◆ Work instruction ◆
Give the data again exactly as written, without any of its pictures.

◆ Recorded data ◆
+ + +

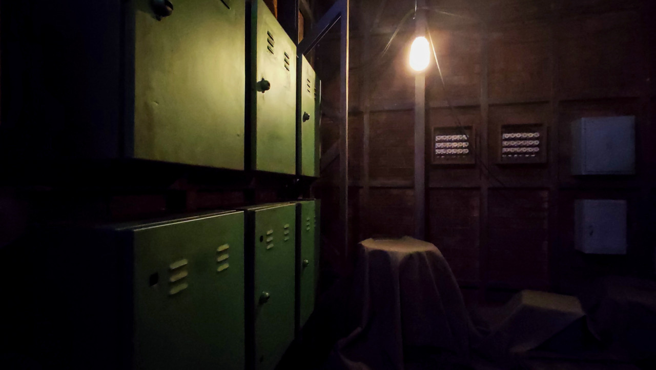 На фото изображено затемнённое техническое помещение павильона «АТОМ» на ВДНХ, входящее в историческую часть экспозиции выставки-форума «Россия». Слева размещены зелёные металлические шкафы, справа видны две панели с керамическими изоляторами и закрытый распределительный щит. В центре кадра свисает одиночная лампа, создающая атмосферу рабочей зоны середины XX века. Помещение стилизовано под инженерный участок, связанный с обслуживанием инфраструктуры ранних этапов атомной промышленности. Снимок подходит для материалов об электрооборудовании, музейных выставках и индустриальной тематике.
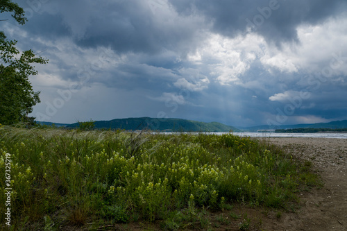 summer, cloudy, day, walk, sky, clouds, space, distance, height, nature, landscape, forest, mountains, coast, river, water, light, shadow, observation, beauty, sun, rays, meadow, grass, flowers
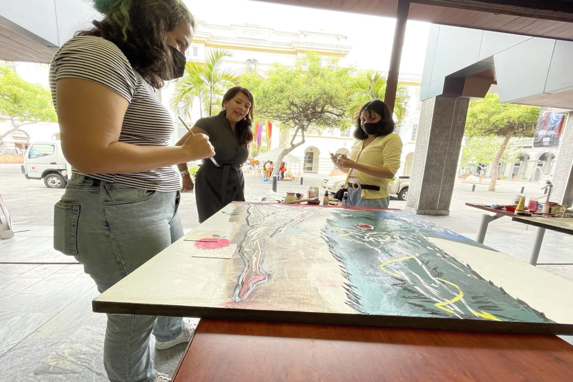 Es en ese contexto que se propuso revisar, intervenir y proponer una obra con los estudiantes de la UArtes, un trabajo comunitario, al aire libre, con gente de nuestra institución de educación superior, con quienes visitan la muestra “e incluso con los transeúntes que se permitan visibilizar cómo la mujer habla con voz propia, con palabras, con trazo, con línea, con imagen, con color, con presencia; aquella que crea y deja huella”.
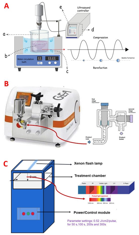 Experimental setup for (A) ultrasound, (adapted from Boateng et al. [] with modifications); (B) ultra-high-pressure homogenization, (adapted from Patrignani et al. [] with modifications), and (C) pulsed light (adapted from Li et al. [] with modifications) pretreatment, for mulberry vinegar processing.

+ + +

◆ Solution to this task ◆
 На фото изображено затемнённое техническое помещение павильона «АТОМ» на ВДНХ, входящее в историческую часть экспозиции выставки-форума «Россия». Слева размещены зелёные металлические шкафы, справа видны две панели с керамическими изоляторами и закрытый распределительный щит. В центре кадра свисает одиночная лампа, создающая атмосферу рабочей зоны середины XX века. Помещение стилизовано под инженерный участок, связанный с обслуживанием инфраструктуры ранних этапов атомной промышленности. Снимок подходит для материалов об электрооборудовании, музейных выставках и индустриальной тематике.
 summer, cloudy, day, walk, sky, clouds, space, distance, height, nature, landscape, forest, mountains, coast, river, water, light, shadow, observation, beauty, sun, rays, meadow, grass, flowers
 Es en ese contexto que se propuso revisar, intervenir y proponer una obra con los estudiantes de la UArtes, un trabajo comunitario, al aire libre, con gente de nuestra institución de educación superior, con quienes visitan la muestra “e incluso con los transeúntes que se permitan visibilizar cómo la mujer habla con voz propia, con palabras, con trazo, con línea, con imagen, con color, con presencia; aquella que crea y deja huella”.
 Experimental setup for (A) ultrasound, (adapted from Boateng et al. [] with modifications); (B) ultra-high-pressure homogenization, (adapted from Patrignani et al. [] with modifications), and (C) pulsed light (adapted from Li et al. [] with modifications) pretreatment, for mulberry vinegar processing.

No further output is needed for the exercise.